# ASSIGNMENT
Using the data below, output a verbatim copy of the lines between the one holding "A wide flint" and the one holding "34 м² · Этаж 16 из 19", inclusive, without any pictures.

● ● ●

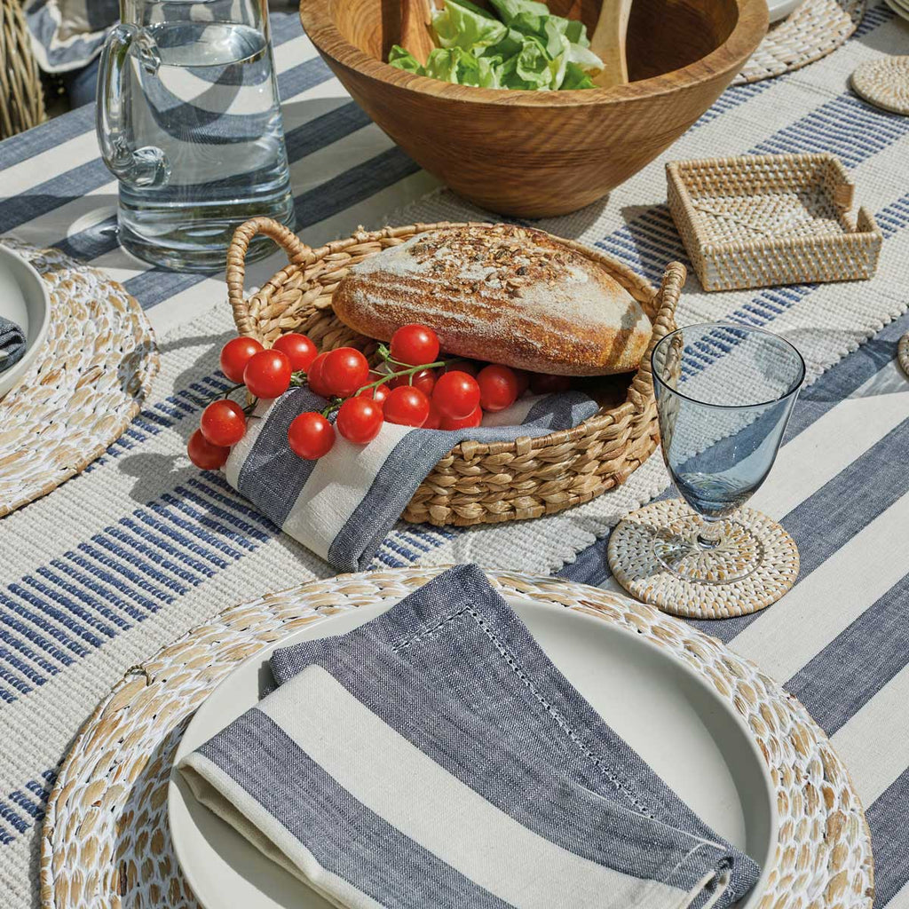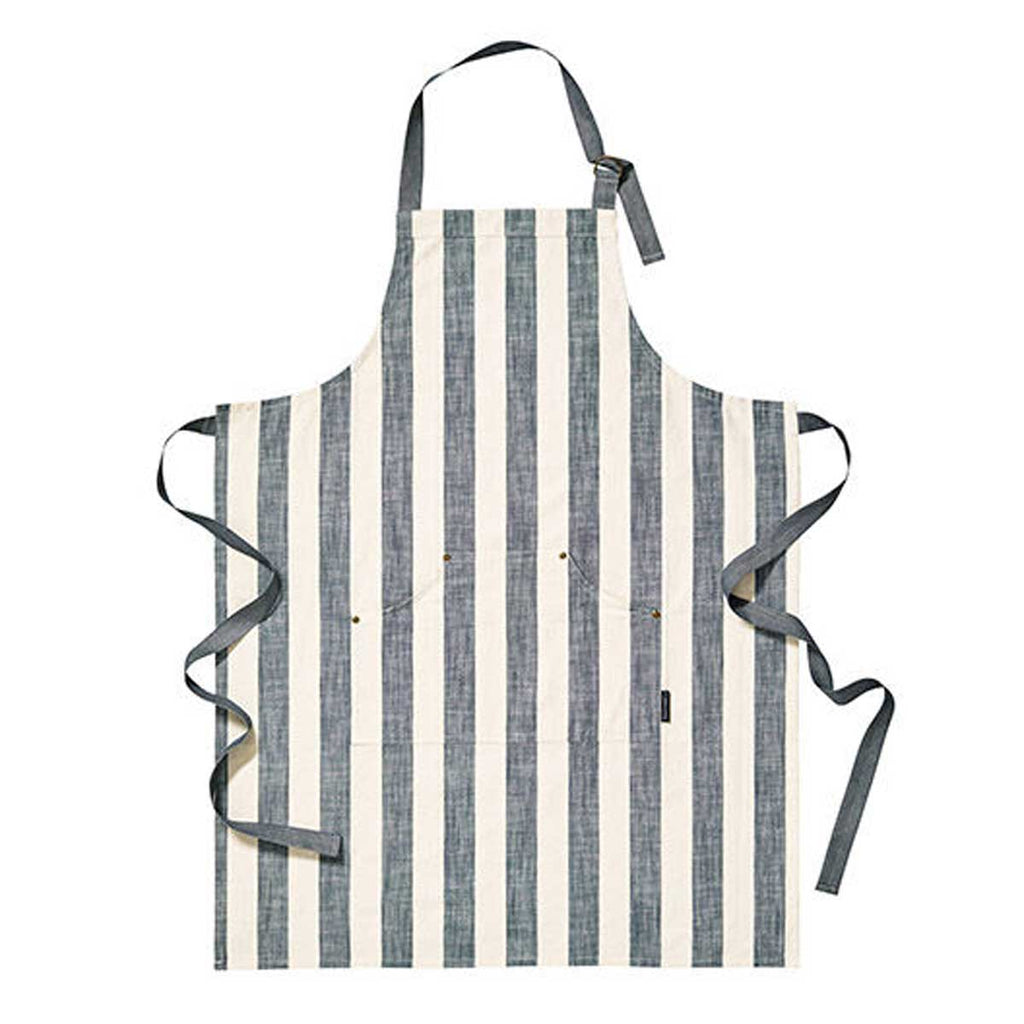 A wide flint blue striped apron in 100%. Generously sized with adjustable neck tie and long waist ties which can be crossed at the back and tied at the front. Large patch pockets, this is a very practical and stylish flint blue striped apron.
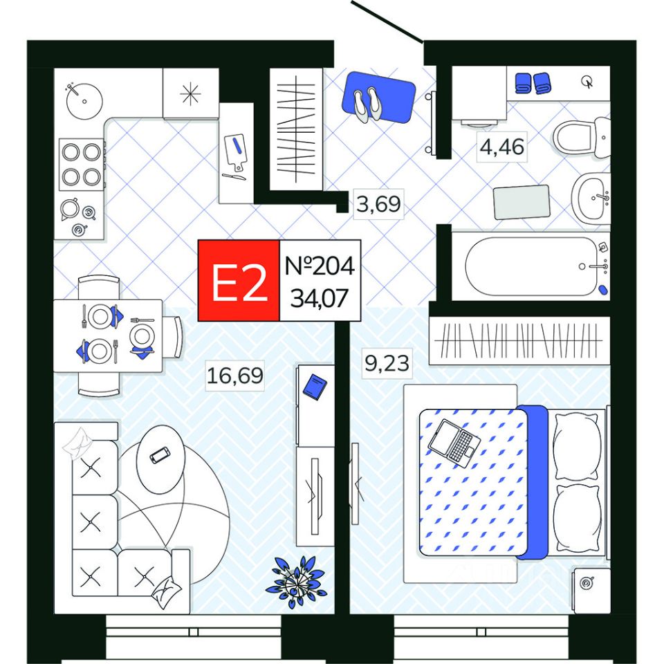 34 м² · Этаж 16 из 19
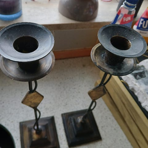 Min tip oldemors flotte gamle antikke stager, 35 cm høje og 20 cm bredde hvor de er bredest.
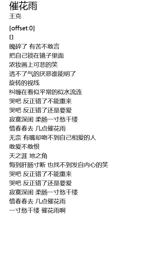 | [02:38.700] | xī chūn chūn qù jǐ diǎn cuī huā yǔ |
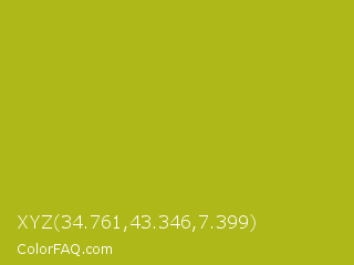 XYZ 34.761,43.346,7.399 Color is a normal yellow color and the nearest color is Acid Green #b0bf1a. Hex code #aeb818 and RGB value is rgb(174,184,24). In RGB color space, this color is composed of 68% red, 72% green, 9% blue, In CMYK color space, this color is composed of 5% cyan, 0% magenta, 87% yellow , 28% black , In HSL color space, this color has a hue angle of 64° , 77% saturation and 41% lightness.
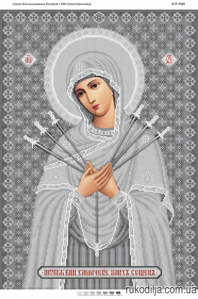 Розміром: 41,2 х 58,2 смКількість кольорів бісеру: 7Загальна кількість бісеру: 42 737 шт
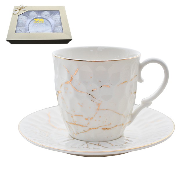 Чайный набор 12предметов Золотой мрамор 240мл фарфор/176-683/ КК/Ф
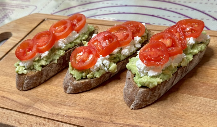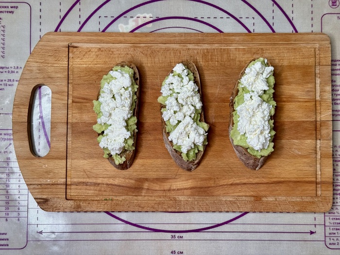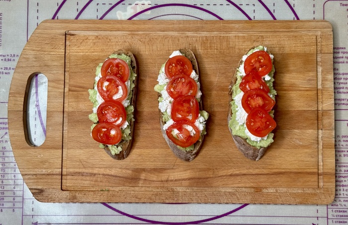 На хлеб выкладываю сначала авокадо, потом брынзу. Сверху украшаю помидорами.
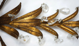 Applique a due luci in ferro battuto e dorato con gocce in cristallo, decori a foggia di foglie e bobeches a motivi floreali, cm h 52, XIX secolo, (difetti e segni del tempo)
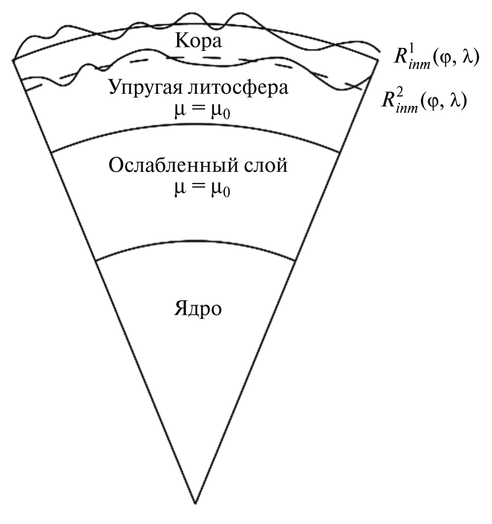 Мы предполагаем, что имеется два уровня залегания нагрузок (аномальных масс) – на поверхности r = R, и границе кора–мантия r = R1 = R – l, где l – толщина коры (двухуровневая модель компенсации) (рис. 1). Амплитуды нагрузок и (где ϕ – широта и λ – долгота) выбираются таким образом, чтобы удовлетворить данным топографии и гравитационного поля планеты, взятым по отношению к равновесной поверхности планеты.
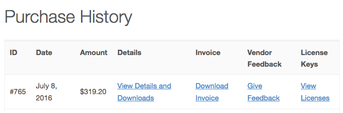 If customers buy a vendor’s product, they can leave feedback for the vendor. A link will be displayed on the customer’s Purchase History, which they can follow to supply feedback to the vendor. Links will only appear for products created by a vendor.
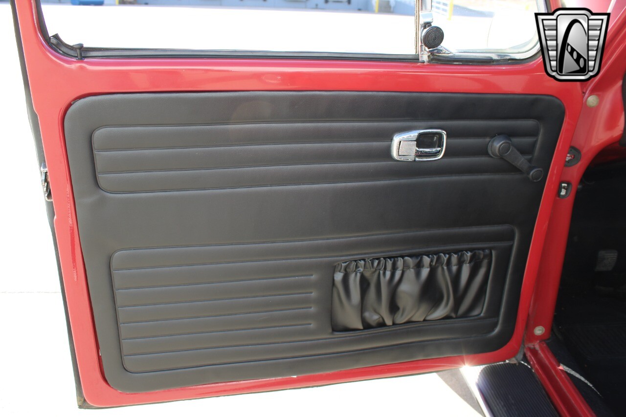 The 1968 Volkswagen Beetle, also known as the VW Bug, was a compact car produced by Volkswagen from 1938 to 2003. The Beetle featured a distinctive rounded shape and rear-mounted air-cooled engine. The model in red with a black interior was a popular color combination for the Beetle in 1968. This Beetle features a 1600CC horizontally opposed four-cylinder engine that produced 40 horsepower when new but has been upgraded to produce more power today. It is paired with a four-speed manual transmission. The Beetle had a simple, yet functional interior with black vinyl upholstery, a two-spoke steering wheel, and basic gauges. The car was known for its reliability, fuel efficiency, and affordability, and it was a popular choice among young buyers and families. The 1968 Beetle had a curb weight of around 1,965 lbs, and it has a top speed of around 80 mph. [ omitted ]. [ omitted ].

● ● ●

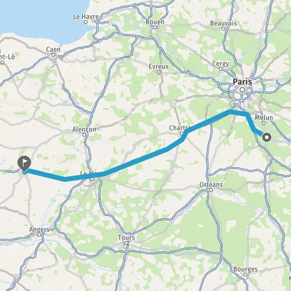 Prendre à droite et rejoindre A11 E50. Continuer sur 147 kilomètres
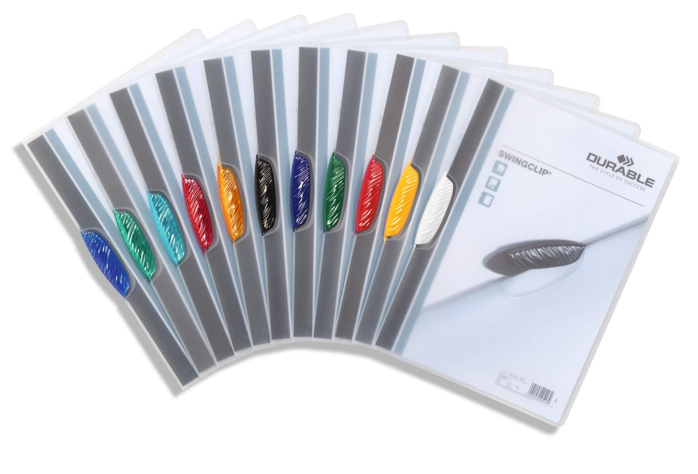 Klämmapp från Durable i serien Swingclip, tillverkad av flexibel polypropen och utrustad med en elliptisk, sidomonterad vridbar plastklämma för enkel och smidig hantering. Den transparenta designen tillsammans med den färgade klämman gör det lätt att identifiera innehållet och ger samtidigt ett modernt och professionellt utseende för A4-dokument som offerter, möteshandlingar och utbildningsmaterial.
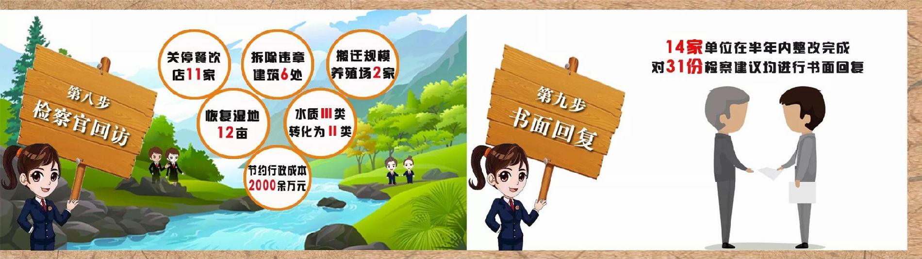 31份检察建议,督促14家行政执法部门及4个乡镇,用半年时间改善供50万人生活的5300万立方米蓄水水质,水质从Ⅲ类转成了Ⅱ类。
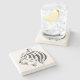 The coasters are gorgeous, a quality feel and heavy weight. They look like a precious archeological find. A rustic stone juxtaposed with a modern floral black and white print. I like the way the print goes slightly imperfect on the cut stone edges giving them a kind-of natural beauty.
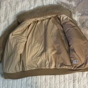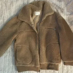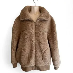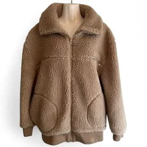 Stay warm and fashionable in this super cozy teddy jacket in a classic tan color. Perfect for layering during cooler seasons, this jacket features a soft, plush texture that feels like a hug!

● ● ●

# RESPONSE TO THE EXERCISE
 A wide flint blue striped apron in 100%. Generously sized with adjustable neck tie and long waist ties which can be crossed at the back and tied at the front. Large patch pockets, this is a very practical and stylish flint blue striped apron.
 34 м² · Этаж 16 из 19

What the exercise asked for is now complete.